In the entries that follow, the lines from the line containing "现象: 正常小鼠喜欢探索开阔" up to and including the line containing "A detailed close-up" must be copied exactly, with pictures omitted.

*** Opening Provided data ***

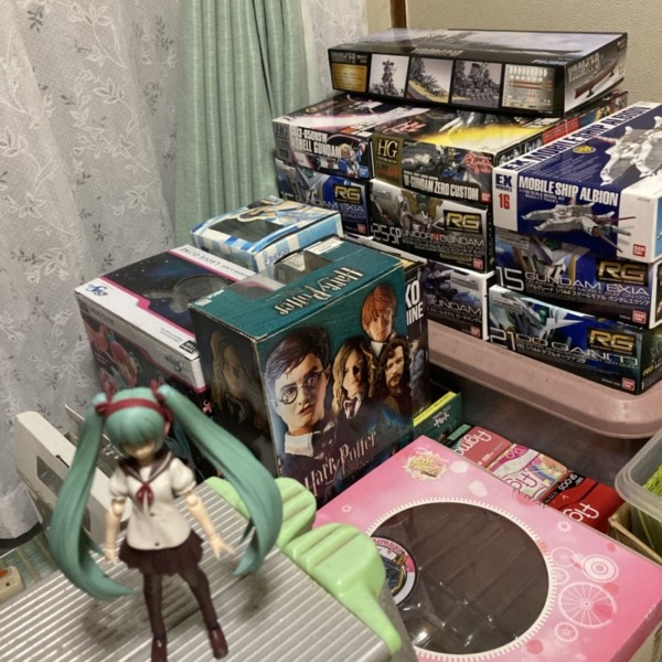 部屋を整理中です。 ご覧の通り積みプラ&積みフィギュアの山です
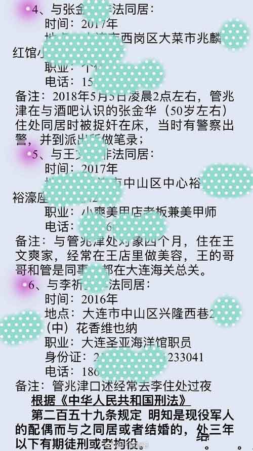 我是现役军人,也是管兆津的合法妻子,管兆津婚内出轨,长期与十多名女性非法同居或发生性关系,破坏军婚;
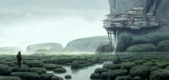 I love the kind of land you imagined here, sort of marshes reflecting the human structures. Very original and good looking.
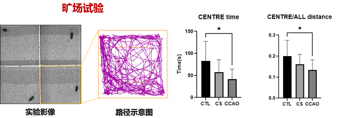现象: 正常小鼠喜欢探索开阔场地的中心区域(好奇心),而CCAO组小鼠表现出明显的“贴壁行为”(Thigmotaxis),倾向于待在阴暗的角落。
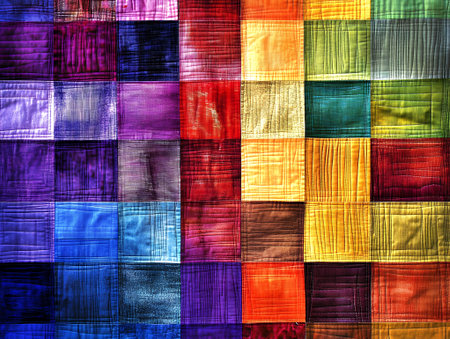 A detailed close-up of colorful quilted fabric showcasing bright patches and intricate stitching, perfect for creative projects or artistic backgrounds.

*** Closing Provided data ***
*** Opening Provided data ***

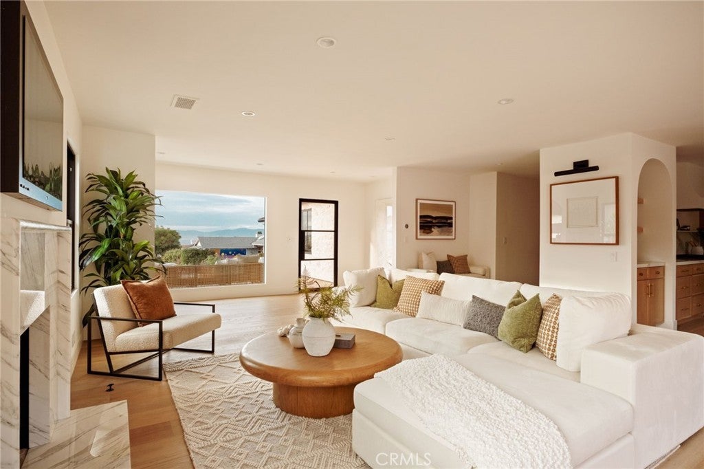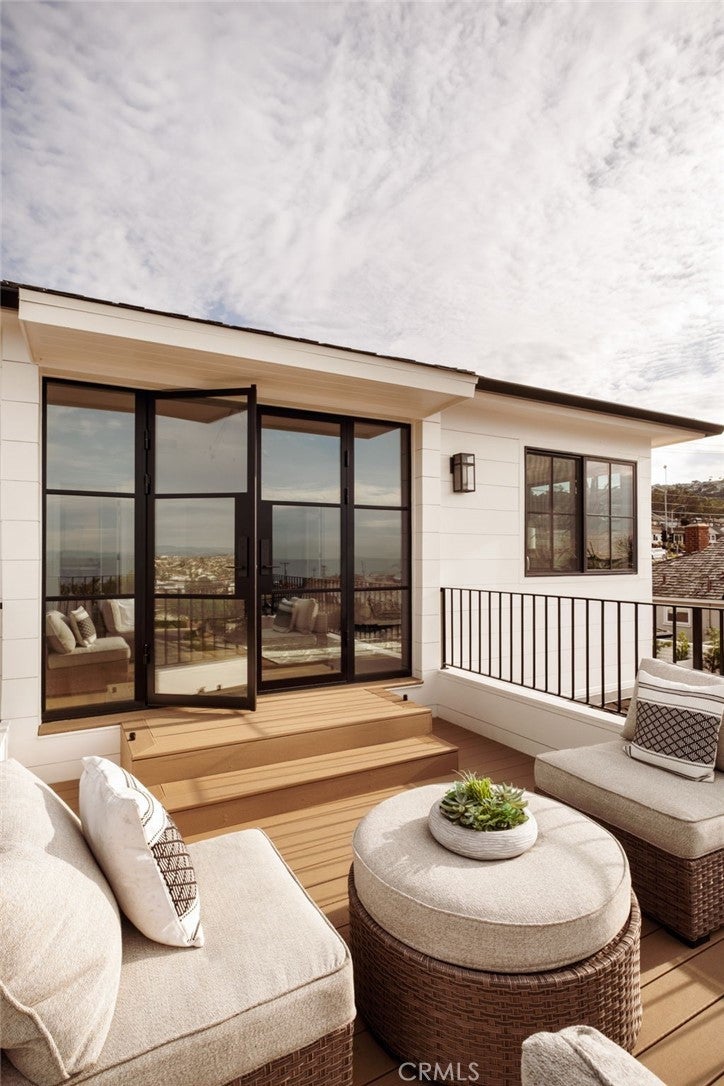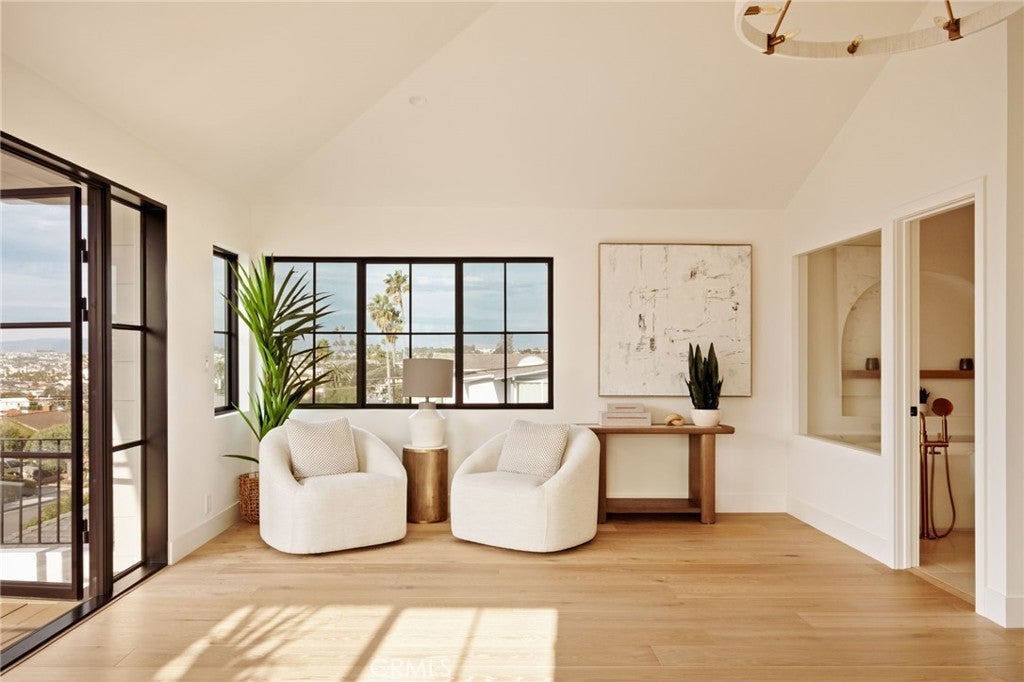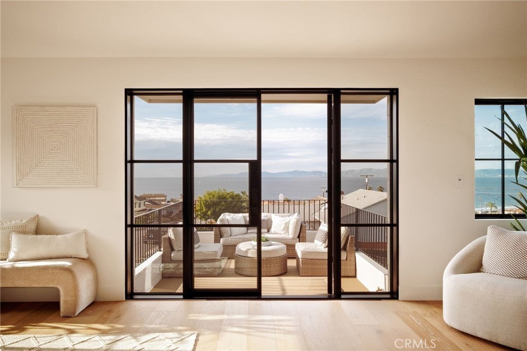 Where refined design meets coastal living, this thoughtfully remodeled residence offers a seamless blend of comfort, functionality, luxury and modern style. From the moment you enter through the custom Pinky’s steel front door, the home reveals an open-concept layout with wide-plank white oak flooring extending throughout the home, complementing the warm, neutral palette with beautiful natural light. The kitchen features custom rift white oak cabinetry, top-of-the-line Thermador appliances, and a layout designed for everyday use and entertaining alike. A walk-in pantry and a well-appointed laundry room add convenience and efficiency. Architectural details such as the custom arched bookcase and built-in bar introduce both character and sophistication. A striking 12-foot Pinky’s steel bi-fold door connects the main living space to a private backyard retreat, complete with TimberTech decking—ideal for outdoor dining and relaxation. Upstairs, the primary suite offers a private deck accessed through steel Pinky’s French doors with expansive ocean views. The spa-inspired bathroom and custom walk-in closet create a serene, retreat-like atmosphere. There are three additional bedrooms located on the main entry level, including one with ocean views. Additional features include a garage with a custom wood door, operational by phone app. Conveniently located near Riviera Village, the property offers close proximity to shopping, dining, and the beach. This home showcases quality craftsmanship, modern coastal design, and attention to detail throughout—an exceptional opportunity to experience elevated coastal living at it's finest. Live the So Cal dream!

*** Closing Provided data ***

Written answer
现象: 正常小鼠喜欢探索开阔场地的中心区域(好奇心),而CCAO组小鼠表现出明显的“贴壁行为”(Thigmotaxis),倾向于待在阴暗的角落。
 A detailed close-up of colorful quilted fabric showcasing bright patches and intricate stitching, perfect for creative projects or artistic backgrounds.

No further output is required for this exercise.